2. Description of Related Art
In one conventional method for pattern classification and classifier design, each class is modeled as a gaussian, or a mixture of gaussian, and the associated parameters are estimated from training data. As is understood, each class may represent different data depending on the application. For instance, with speech recognition, the classes may represent different phonemes or triphones. Further, with handwriting recognition, each class may represent a different handwriting stroke. Due to computational issues, the gaussian models are assumed to have a diagonal co-variance matrix. When classification is desired, a new observation is applied to the models within each category, and the category, whose model generates the largest likelihood is selected.
In another conventional design, the performance of a classifier that is designed using gaussian models is enhanced by applying a linear transformation of the input data, and possibly, by simultaneously reducing the feature dimension. More specifically, conventional methods such as Principal Component Analysis, and Linear Discriminant Analysis may be employed to obtain the linear transformation of the input data. Recent improvements to the linear transform techniques include Heteroscedastic Discriminant Analysis and Maximum Likelihood Linear Transforms (see, e.g., Kumar, et al., “Heteroscedastic Discriminant Analysis and Reduced Rank HMMs For Improved Speech Recognition,” Speech Communication, 26:283-297, 1998).

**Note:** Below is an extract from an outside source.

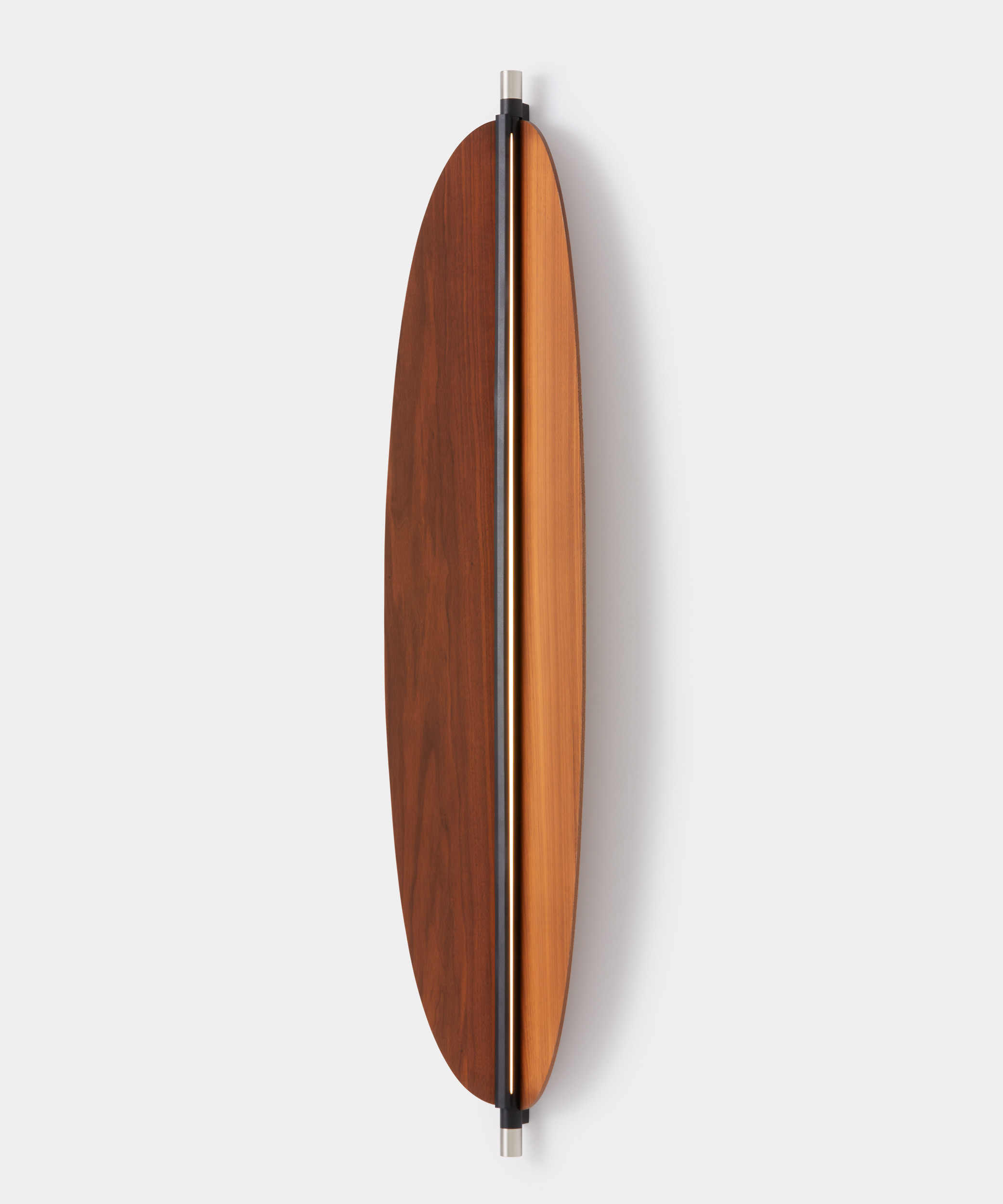 Designed by Federica Biasi, the Thula appliques and suspension lamps are based on a simple and architectural central element with an illuminating function to which an organic component in wood or quilted leather is added in a skillful game of addition and subtraction. Consists of a linear dimmable LED; in the simple wall version it can be oriented, thus giving direct or indirect light.
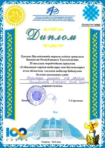 ҚР Тәуелсіздігінің 25 жылдық мерейтойына арналған "Елбасының тарихи-жобалары мен бастамалары" атты облыстық ғылыми жобалар байқауына белсене қатысқаны үшін Саможенова Виктория, Цхай…

More specifically, FIG. 1a depicts one method for applying a linear transform to an observed event x. With this method, a precomputed n×n linear transformation, θT, is multiplied by an observed event x (an n×1 feature vector), to yield and n×1 dimensional vector, y. The vector y is modeled as a gaussian vector with a mean uj and variances Σj for each different class. The same y is used and a different mean and variance is assigned for each different class to model that same y. The variances for each class are assumed to be diagonal covariance matrices.
In another conventional method depicted in FIG. 1b, instead of a single linear transformation θT (as in FIG. 1a), a plurality of linear transformation matrices θ1 T, θ2 T are implemented, as long as the value of the determinant is constrained to be “1” (unity). Then one transformation is applied for one set of classes, and other to another set of classes. With this method, each class may have its own linear transformation θ, or two or more classes may share the same linear transformation θ.
The present invention is directed to a system and method for applying a linear transformation to classify and input event. In one aspect, a method for classification comprises the steps of:
capturing an input event;
extracting an n-dimensional feature vector from the input event;
applying a linear transformation to the feature vector to generate a pool of projections;
utilizing different subsets from the pool of projections to classify the feature vector; and
outputting a class identity associated with the feature vector.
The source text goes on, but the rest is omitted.